Last seen 5 days ago

United States

Hello,

we're working on a differential expression (DEG) analysis using DESeq2 for a dataset involving an eukaryotic host experimentally infected with a virus.

Dataset: Our design includes comparisons across different infection treatments, between infected vs. non-infected controls, and across four time points. This leads to 16 different "conditions" including these three variables, and we have 4-5 biological replicates per condition after QC.

Read quantification: We quantified transcript expression using Salmon, with a combined index that includes both host and viral transcriptomes. We used tximport to map the transcripts to host and viral genes. Across all samples, about 99% of reads map to the host.

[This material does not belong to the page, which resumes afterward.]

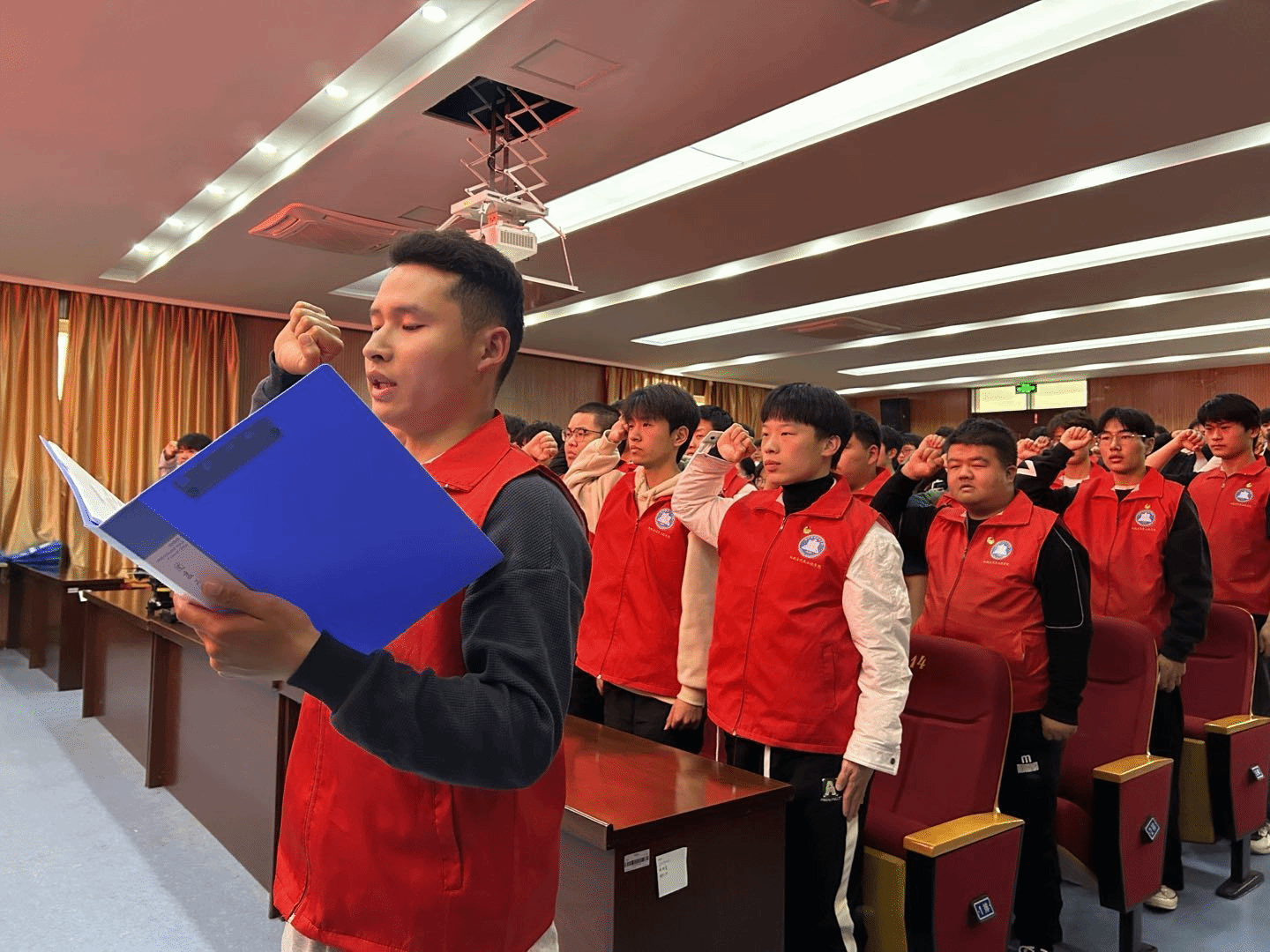 会议第三项,学生代表支道辉带领全体志愿者起立宣誓。仪式上,青年志愿者们佩戴团徽,面对志愿队旗做出庄重承诺。铮铮誓言,展现了awc官网青年志愿者们积极投入于志愿服务的热忱之心。

Our goal is to analyze differential expression in both host and viral genes. This leads to a key question:

Should we perform DEG analysis on the combined host + virus transcriptome in DESeq2, or analyze host and viral genes separately?

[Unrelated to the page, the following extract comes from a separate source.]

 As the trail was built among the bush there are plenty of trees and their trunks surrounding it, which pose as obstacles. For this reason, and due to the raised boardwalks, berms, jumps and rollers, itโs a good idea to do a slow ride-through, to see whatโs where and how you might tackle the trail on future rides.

A different post here suggested that this is often the best choice unless "the inter-sample variability (e.g. the spread of points as you could see in a PCA plot -- see vignette) is vastly different across subsets." This is certainly the case here, if I understand this point correctly. A PCA of vst counts separates time point 3 from everything else in PC1 (~35% var explained) when looking at this joint analysis or just the host (these two very similar) but the virus-only PCA1 looks very different (~ 84%, separating time point 1). This makes sense (biologically) to us, but we're not sure if it qualifies as one of these situations that warrants separate DE analysis.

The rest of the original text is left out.